No data show it yet, but anecdotal accounts suggest Americans are driving less, too.
“People say, ‘I used to go out and eat, go out to the movies. I don’t do that now. I stay home and watch DVDs or HBO.’ Soccer moms tell me they’re no longer using their SUVs. They’re in VWs,” says Bill Douglass, CEO of Douglass Distributing, based near Dallas.
He operates 14 large convenience-store gas stations and supplies brand-name gasoline to 165 others in Texas.
The drop in gasoline use was noted in the U.S. Energy Information Administration’s weekly petroleum report Wednesday. It says gasoline consumption the past four weeks averaged 8.8 million barrels a day, down from 9.1 million a year ago. That’s a 3.3% drop.
Adding credibility to that, EIA also reported that gasoline inventories rose 4.4 million barrels last week, rather than declining, even though energy operations in the Gulf of Mexico were not running because of leftover damage from Katrina Aug. 29 and new disruptions from Rita, which hit Saturday. In fact, 100% of Gulf oil production was down Wednesday, the U.S. Minerals Management Service reported in a daily update.
Douglass says gasoline demand in his area has dropped 10% below last year’s, starting in August. It’s “a huge change” that he previously thought would take years.
Factoring out the few days of panic buying after Katrina, demand for gasoline has “been down 6% to 15%, depending on the store,” says Jay Ricker, president of Rickers, a chain of 33 convenience-store stations in Indiana. “When we crossed the $3 threshold, that was a defining moment, getting people to think more about their driving.”
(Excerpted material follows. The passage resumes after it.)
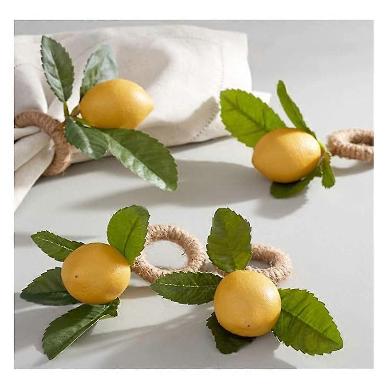 Suuyar Handmade Napkin Rings Set of 12, Yellow Faux Lemon with Vine Napkin Ring for Wedding, Dinner Party, Banquet, Serviette for Christmas, Thanksgiv

If so, it’s a much-discussed moment. Automakers had been saying it would take an extended period of $3 gasoline, and some shortages, to get Americans to drive less or switch to fuel-efficient models.
An unsettled fuel market isn’t likely to encourage profligate fuel use in the near future. The wholesale price of gasoline for immediate delivery has shot past $3 in the Gulf, threatening big price boosts in the eastern half of the USA supplied by Gulf pipelines.
It’s also turned gas retailing upside down. Major brand stations have lower prices than some unaffiliated, discount stations. The unaffiliated stations pay the full wholesale price, but brand-name stations don’t. Their contracts with the oil companies keep their costs more stable. And the affiliated oil companies are absorbing some of the wholesale spike so their stations can raise prices slowly and prevent new accusations of gouging.
Douglass says he’s had no trouble getting gas from the major oil companies, but says he’s paying 10% more for it than he was a week ago. Independents are paying at least 20% more than a week ago, he says.